Each polling concurrency slot runs the same storage scan, claim, and execute loop. If storage has no due run, the slot waits for emptyPollDelay before scanning again. Omitting emptyPollDelay uses 100ms.

Worker concurrency and emptyPollDelay are local process controls. Queue concurrencyLimit is durable storage policy enforced across workers for bounded queues. Transport-driven SQS consumers use provider message delivery plus executeDelivery(message) and do not use the storage-polling worker's empty-poll loop.

Use the core polling worker for local development loops and deployments that intentionally poll storage, such as a simple EC2 or container process. Event-driven transports should use executeDelivery(message).

Drain Workers

Drain mode is still storage acquisition. It is useful when the process itself owns the decision to scan storage, but should not stay alive after the current backlog is gone:

const worker = runlane.worker({
  mode: WorkerMode.Drain,
  queues: [emailQueue],
  concurrency: 2,
  maxRuns: 100,
})

await worker.closed

maxRuns is optional. When omitted, drain mode keeps scanning until storage returns no due work. emptyPollDelay is not valid in drain mode because drain workers do not sleep on empty storage.

Lost lease-claim races and abandoned attempts do not count against maxRuns. In both cases storage had due work, but this worker did not execute a run, so drain workers keep scanning and exit only when storage is idle or the executed-run budget is reached.

Delivered Wakeups

executeDelivery(message) is the transport-driven execution primitive. It receives a DeliveryMessage, reads storage by message.environment + message.runId, verifies the queue, and then either claims and executes that run or returns an ignored result.

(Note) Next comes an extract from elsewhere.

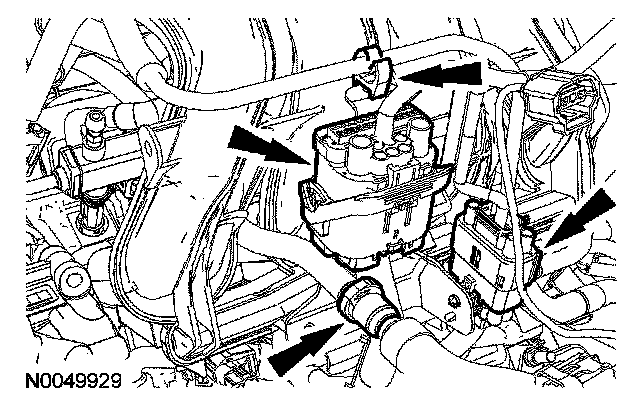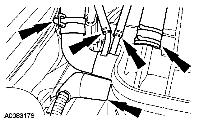 9. Connect the engine vacuum harness, brake booster hose, the crankcase breather hose and coolant hoses.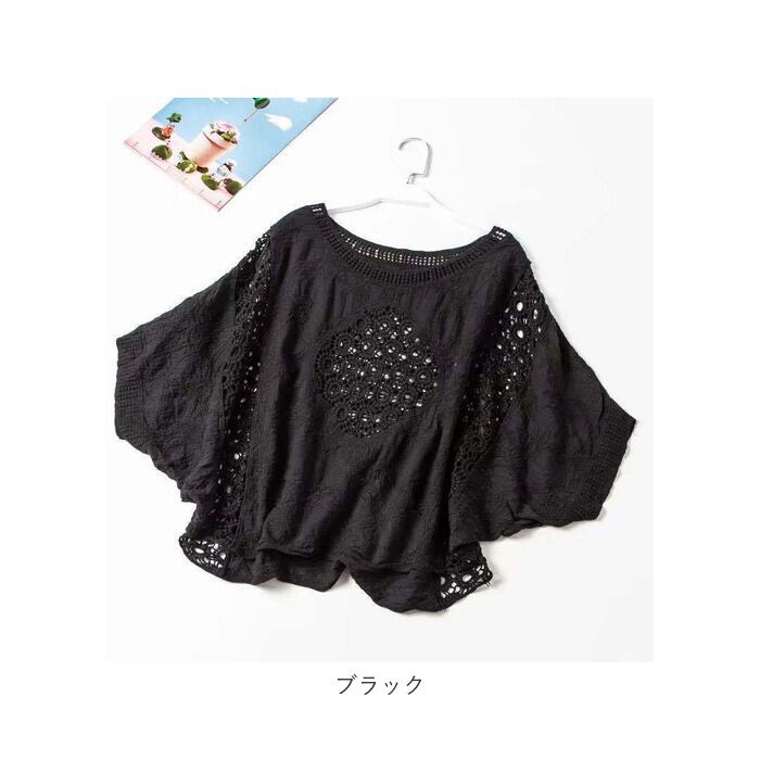 レース トップス 半袖 通販 ブラウス レディース 刺繍ブラウス Tシャツ プルオーバー ゆったり 春夏 かわいい ドルマン 春 可愛い 夏 体型カバー 刺繍 透け感 綿 コットン ボリューム袖 五分袖 5分袖 カジュアル ナチュラル レディースファッション

import { ExecuteDeliveryStatus } from '@runlane/core'

const result = await runlane.executeDelivery(message)

if (result.status === ExecuteDeliveryStatus.Ignored) {
  // Ack-safe non-execution: terminal, not due, wrong queue, already leased, claim lost, or abandoned.
}

Ignored delivery results are safe for transport adapters to acknowledge.

Result	Transport behavior
Persisted task outcome: `run.succeeded`, `run.failed`, `run.retry_scheduled`, `run.released`, or `run.cancelled`	Acknowledge the provider message. Delivery handling completed.
Missing registered task or queue	Core persists a non-retryable `run.failed` outcome, then returns `Executed` to avoid poison-message redelivery loops.
Storage, projection, cancellation-before-claim, or persistence failure	Reject so the transport integration can retry or report a provider batch failure.
Already-aborted delivered signal	Reject with `OperationCancelled` before claim. A delivered provider message should not be acknowledged without handling.

This is stricter than storage polling: executeNext({ signal }) returns undefined when the signal is already aborted, because no provider message has been acquired.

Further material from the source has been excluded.